_What is being asked_
What's wanted is each entry repeated verbatim, minus its images.

Saved data entries
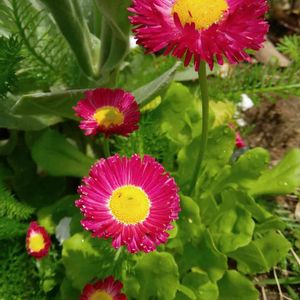 一昨年の秋に種まきしたコ 昨年春に開花して夏も冬も越してくれました! デージーの冬越しは初めてです😊 うれしい🎶
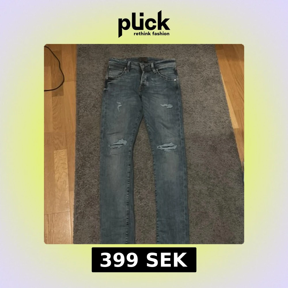 Säljer ett par blå slim fit jeans från Jack & Jones, modell SLIM/GLENN. Jeansen har slitna detaljer på benen för en trendig look. Klassisk femficksmodell med normal midja och smal passform. Perfekta till sneakers och hoodie. Storlek 29/32 men är små i storleken så skulle typ säga 27/28 i midja. Pristet inte hugget i sten så kom med prisförslag
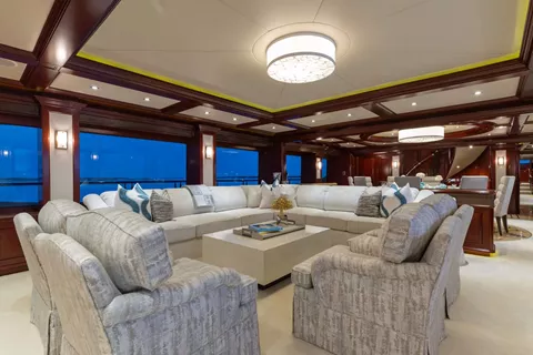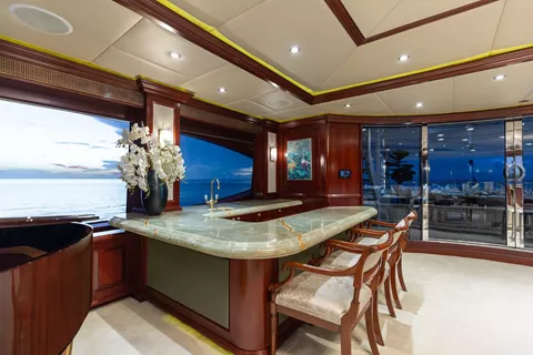 Located aft of the pilothouse featuring a large wet bar with seating for 4, designer Mahogany wall treatment, desk, large settee, fireplace with TV above mantle. Day head located forward.
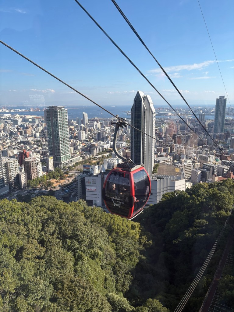 A notre retour de l’observatoire, nous prenons le téléphérique pour la visite du jardin aromatique de NUNOBIKI (l’entrée du parc se situe à 5 minutes de marche de la gare de Shin-Kobe). Le téléphérique nous amène dans les hauteurs, au sommet du jardin aménagé avec plateforme très charmante où on peut se poser pour manger, boire un verre, ou encore découvrir des magasins d’herbes aromatiques et médicinales.
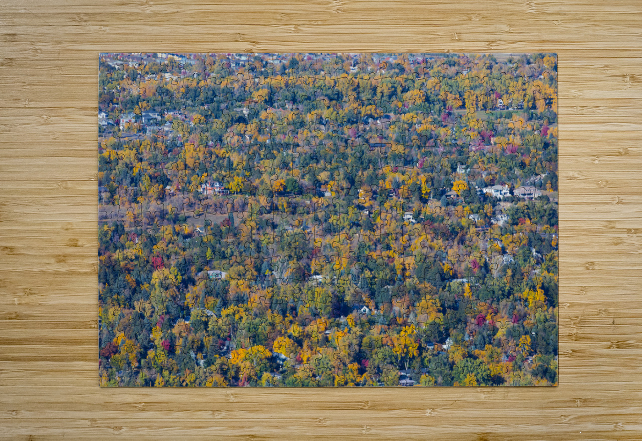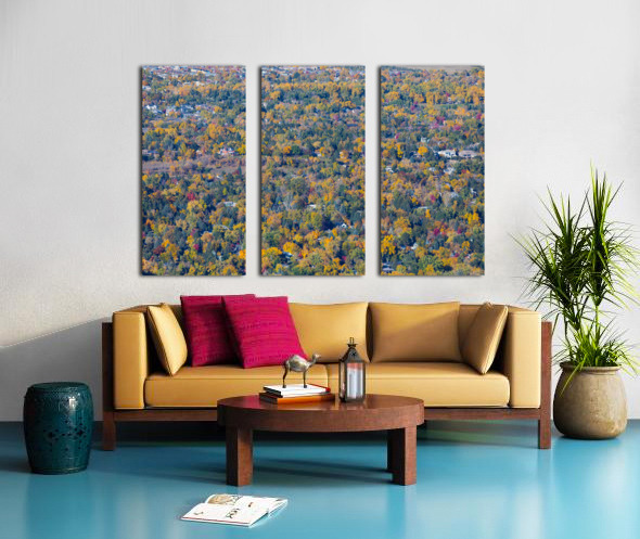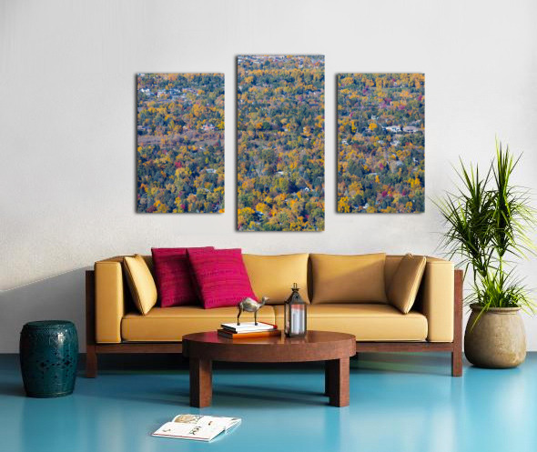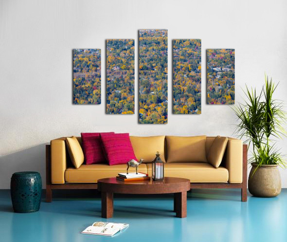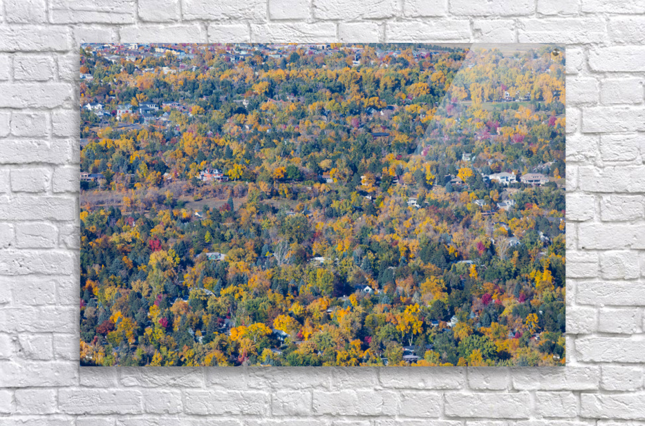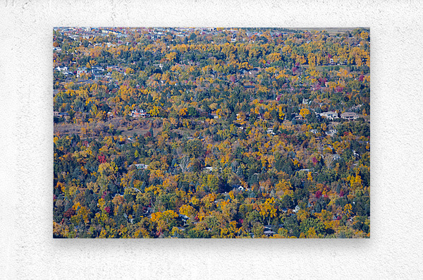 Here is a view from above of the Colorful fall foliage of Boulder Colorado.
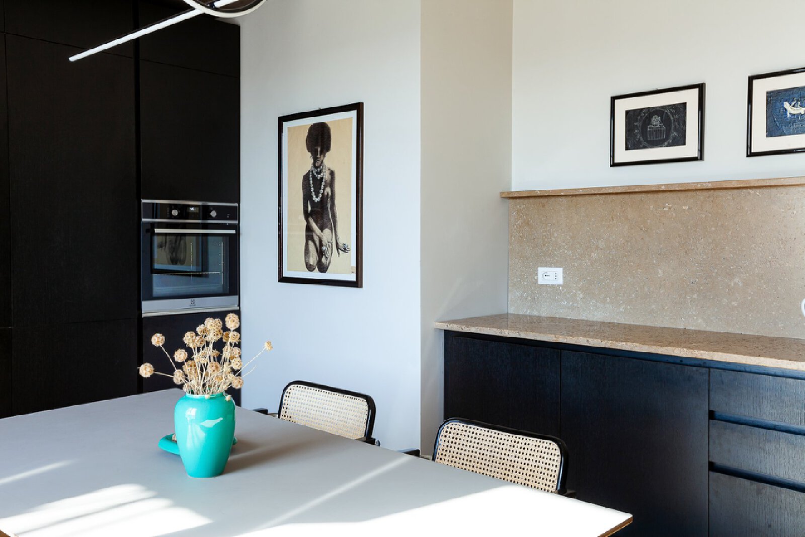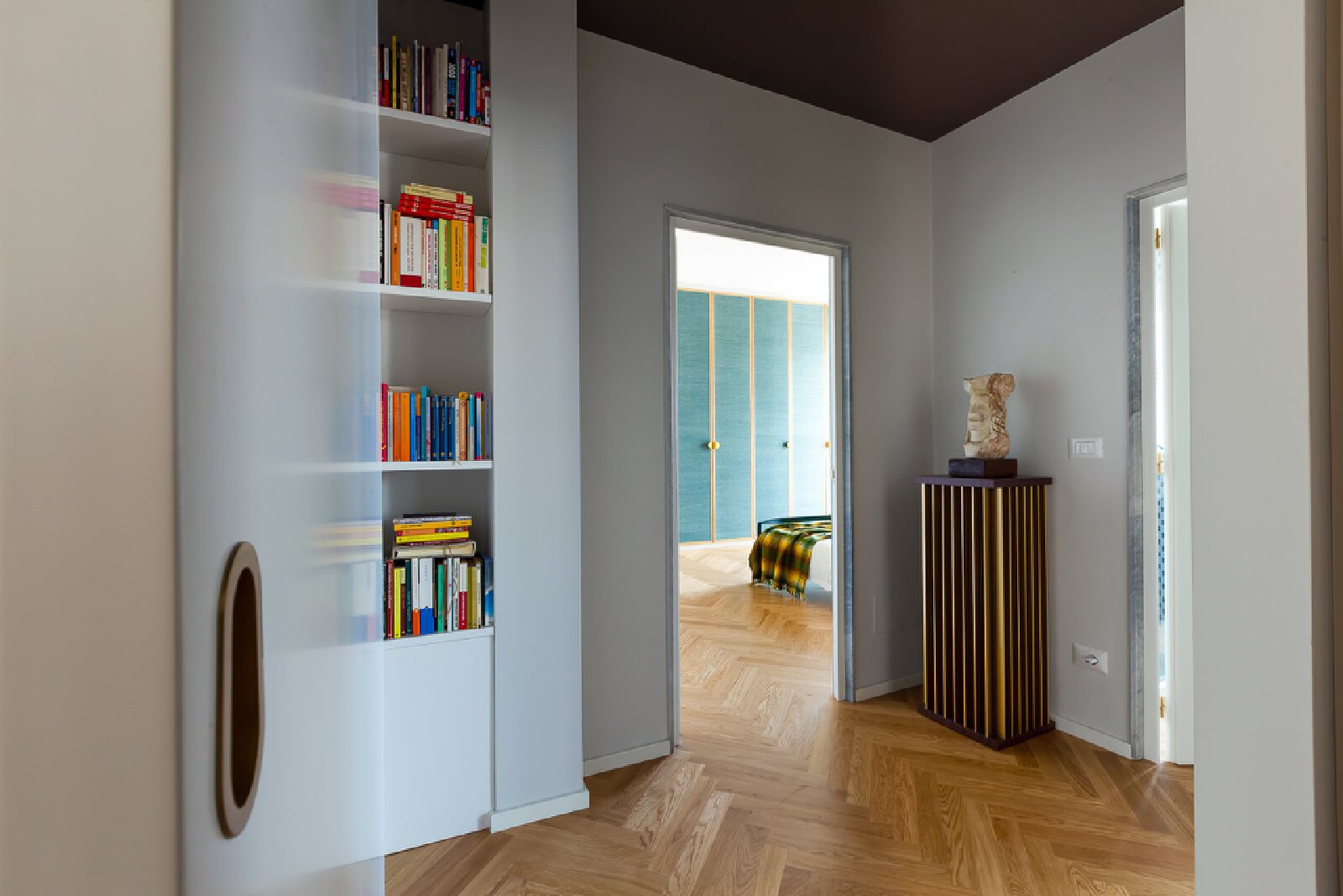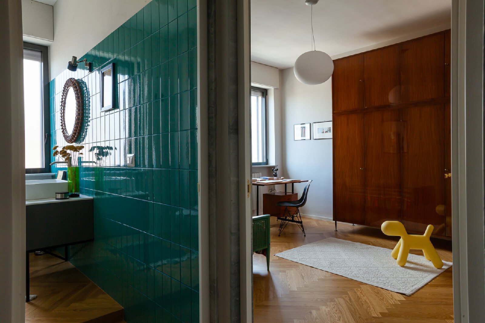 Gli elementi decorativi e gli arredi (sia vintage che disegnati da Claudio) creano un sinergico scambio di suggestioni e donano agli ambienti un linguaggio contemporaneo che non nasconde il carattere originario dell’immobile.

_Exercise output_
 一昨年の秋に種まきしたコ 昨年春に開花して夏も冬も越してくれました! デージーの冬越しは初めてです😊 うれしい🎶
 Säljer ett par blå slim fit jeans från Jack & Jones, modell SLIM/GLENN. Jeansen har slitna detaljer på benen för en trendig look. Klassisk femficksmodell med normal midja och smal passform. Perfekta till sneakers och hoodie. Storlek 29/32 men är små i storleken så skulle typ säga 27/28 i midja. Pristet inte hugget i sten så kom med prisförslag
 Located aft of the pilothouse featuring a large wet bar with seating for 4, designer Mahogany wall treatment, desk, large settee, fireplace with TV above mantle. Day head located forward.
 A notre retour de l’observatoire, nous prenons le téléphérique pour la visite du jardin aromatique de NUNOBIKI (l’entrée du parc se situe à 5 minutes de marche de la gare de Shin-Kobe). Le téléphérique nous amène dans les hauteurs, au sommet du jardin aménagé avec plateforme très charmante où on peut se poser pour manger, boire un verre, ou encore découvrir des magasins d’herbes aromatiques et médicinales.
 Here is a view from above of the Colorful fall foliage of Boulder Colorado.
 Gli elementi decorativi e gli arredi (sia vintage che disegnati da Claudio) creano un sinergico scambio di suggestioni e donano agli ambienti un linguaggio contemporaneo che non nasconde il carattere originario dell’immobile.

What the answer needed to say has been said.